Activation/Transformation
November 6, 2021–April 3, 2022
Wheelwright Museum of the American Indian, Santa Fe
The closer to the sun, the brighter the silver. Whether considered literally or rhetorically, the sentiment is fitting for Activation/Transformation, a new installation by multidisciplinary artist and composer Nathan Young (Delaware/Kiowa/Pawnee) at the Wheelwright Museum of the American Indian in Santa Fe.
Upon invitation from the Wheelwright, Young has created a site-specific interpretation of the museum’s collection, choosing to focus on silverwork and jewelry.
“In Santa Fe, what I see is, we’re up here closer to the sun, and silver shines brighter. You see it in the community of the city; it’s a signifier of place, and it’s also functional. My intention is to focus on this style that was developing at the same time that this place was emerging.”
Young works in the expanded field of art, incorporating media such as sound, video, installation, and experimental music, often engaging “the spiritual and the political, re-imagining Indigenous sacred imagery in order to complicate and subvert notions of the sublime.” His practice embraces research as well—he is currently a PhD candidate in the University of Oklahoma’s innovative Native American Art History doctoral program, where his scholarship is focused on Indigenous sonic agency.
Some readers and museum-goers may recognize Young as a founding and former member of the artist collective Postcommodity or his curatorial and organizational work with Tulsa Noise and Tulsa Noisefest.
For Activation/Transformation, the artist researched the Wheelwright’s collection and found a Santa Fe silverwork style that radiates, in many cases through stonework and patterns. The pieces he selected for the installation include ones that serve a range of functions, whether as personal adornment, decor, for horse work, or cutlery, to name a few.
“The idea of a style emerging from a place was really what was most intriguing to me,” says Young. “The ideology of Santa Fe art is something that I wanted to explore because it’s distinct—there’s not another aesthetic like this.”

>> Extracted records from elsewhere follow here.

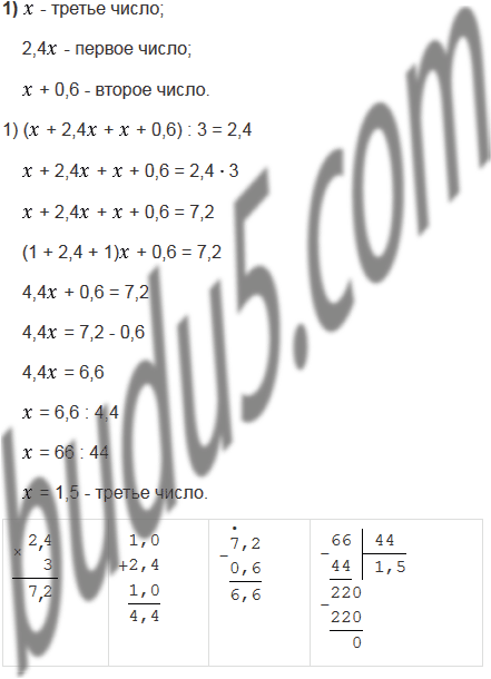 1) Первое число в 2,4 раза больше третьего, а второе число на 0,6 больше третьего числа. Найдите эти три числа, если их среднее арифметическое равно 2,4.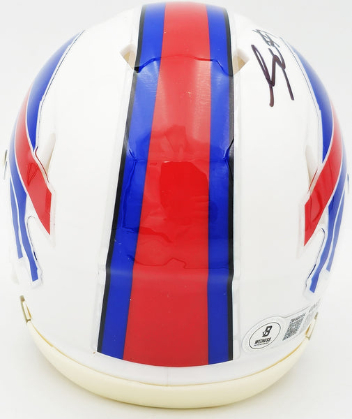 This is a Buffalo Bills White Speed Mini Helmet that has been hand signed by James Cook. This item has been witnessed and certified authentic by Beckett Authentication (BAS) and comes with their tamper-proof witness hologram.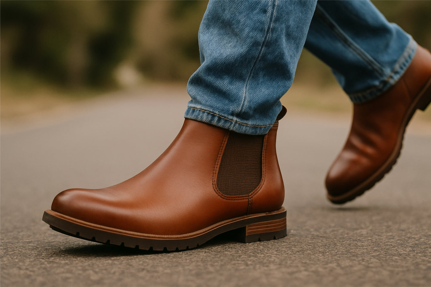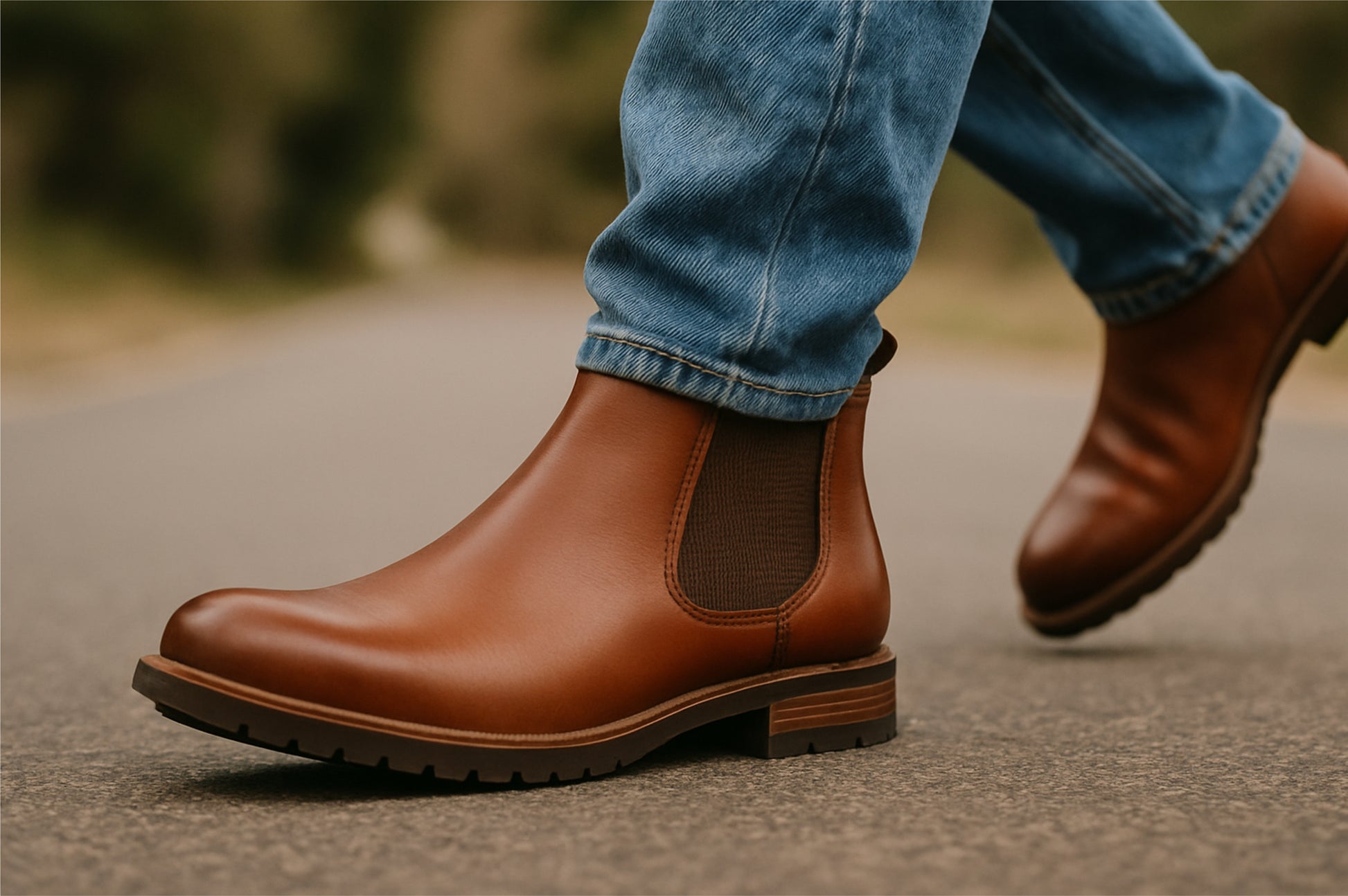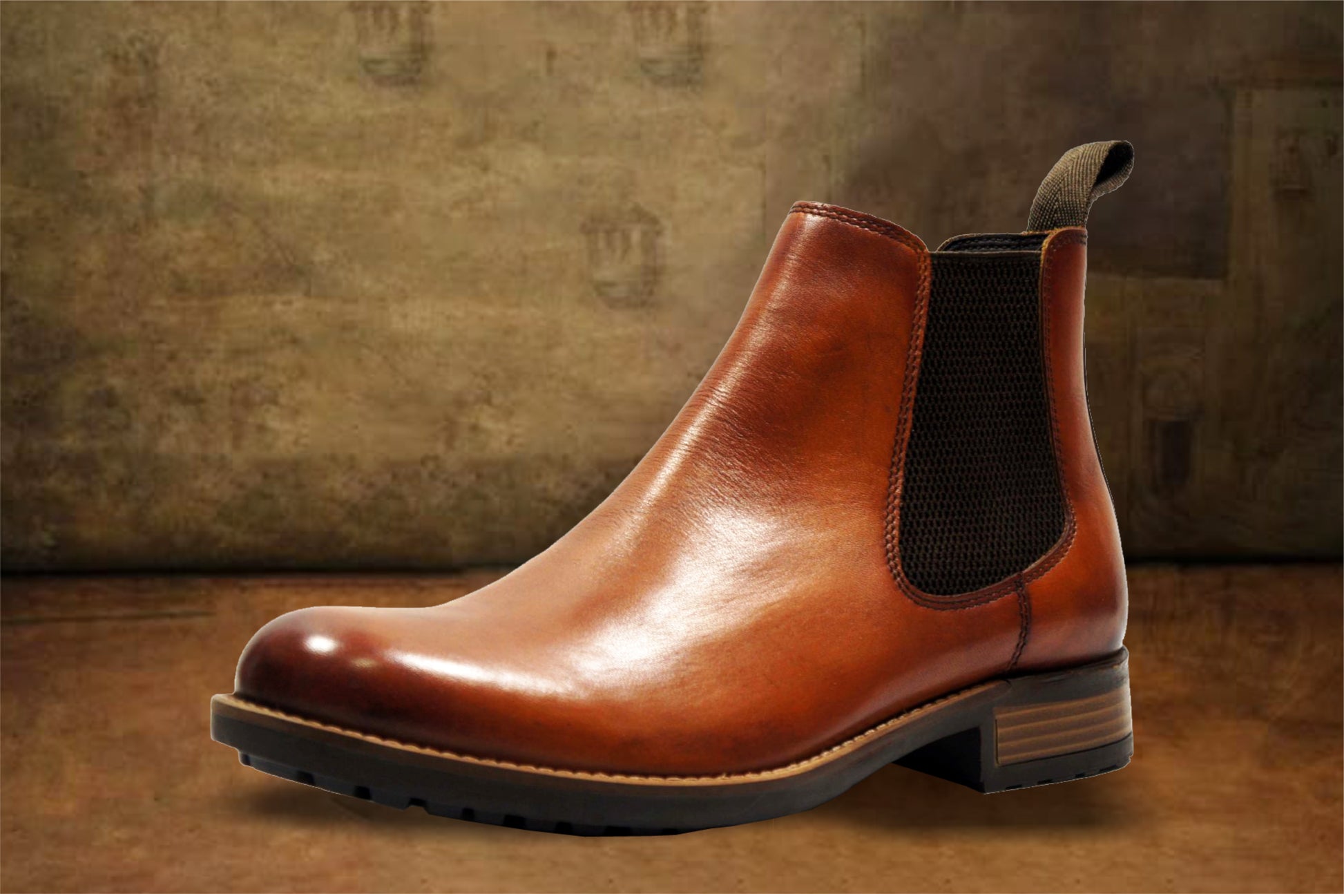 Tan Genuine Leather Men's Chelsea Boots For Casual & Party Wear

The artist was baptized and received his Delaware name in the Native American church, a community through which he has come to meet and know many makers. He cites those experiences as the beginning of his direct engagement with collections.
“I’m interested in the way things function. And to me, the silverwork is the stuff that moves with people and with animals to make place,” he says.
As the site of the installation, the Wheelwright identifies itself as a catalyst for Young’s creative investigation of the collection, says Wheelwright chief curator Andrea Hanley (Navajo) about the installation. “We are looking to create space that reflects the museum’s history, celebrates current artistic endeavors, and experiments with future methodologies of emerging Native art.”
To create that space, Young points to ideas of “museumification” as theorized by Boris Groys who posited that by removing artworks from the realm of use, museums in essence protect art from the forces of time. The potential for artists to engage a museum collection as a site of activating and reactivating is potentially limitless. Through Activation/Transformation, Young resists a universal art history by activating connections among people, place, and time.
Activation/Transformation opens on November 6, 2021 and will remain on view through April 3, 2022 at the Wheelwright Museum, 704 Camino Lejo, Santa Fe.